The real-money online bingo site of California’s Iipay Nation of Santa Ysabel tribe was the subject of two court actions this week as both state and federal agencies sought to shut the site down. Thursday saw the state Attorney General’s office argue its case before a US District Court judge while Wednesday saw the US Department of Justice accuse the site of violating the Unlawful Internet Gambling Enforcement Act (UIGEA).
The tribe made waves this summer by announcing plans to launch a real-money online poker site that never actually materialized. Instead, the tribe teamed up with Great Luck LLC to launch Desert Rose Bingo, a real-money bingo site that utilizes ‘proxy play’ technology to get around limitations that restrict gambling to tribal lands. The tribe says it’s allowed to offer bingo, which is defined as Class II gaming under the Indian Gaming Regulatory Act (IGRA), while the state insists the site is an ‘electronic facsimile’ of bingo and therefore a prohibited form of Class III gaming.
On Thursday, the state made its case to US District Judge Anthony Battaglia for a temporary restraining order against the Desert Rose site. Deputy Attorney General Bill Torngren played a video showing one of his investigators playing a five-cent game of bingo on the site while not physically present on the tribe’s land. U-T San Diego quoted Torngren saying that if the site “looks like a duck and quacks like a duck, it’s probably a duck” and probably an illegal online gambling site, as well.
Tribal attorney Little Fawn Boland countered that the site should remain operational, at least until an actual trial can be held. Shutting down the site now would result in loss of employment for tribal members and loss of revenue for the “one of the most impoverished” tribes in the state.
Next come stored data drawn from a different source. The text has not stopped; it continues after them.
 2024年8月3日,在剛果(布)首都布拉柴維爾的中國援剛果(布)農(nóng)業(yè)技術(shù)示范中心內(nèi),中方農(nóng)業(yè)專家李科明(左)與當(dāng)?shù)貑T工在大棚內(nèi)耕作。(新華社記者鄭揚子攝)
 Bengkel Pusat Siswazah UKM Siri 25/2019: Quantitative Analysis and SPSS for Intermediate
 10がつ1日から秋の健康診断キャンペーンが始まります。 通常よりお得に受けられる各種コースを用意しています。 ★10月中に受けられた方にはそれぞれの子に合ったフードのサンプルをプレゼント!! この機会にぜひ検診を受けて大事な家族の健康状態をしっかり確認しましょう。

Battaglia declined to issue a ruling on Thursday, saying only that he would make his wishes known soon enough.
Meanwhile, the feds filed their own legal papers against the site on Wednesday, arguing that the tribe is “engaged in the business of betting or wagering” online with individuals not physically present on tribal land. The UIGEA prohibits funding of unauthorized betting sites and the DOJ wants an injunction preventing the tribe from accepting any payments that would permit gamblers to utilize the Desert Rose site. No date has been set for a hearing on the DOJ’s filing.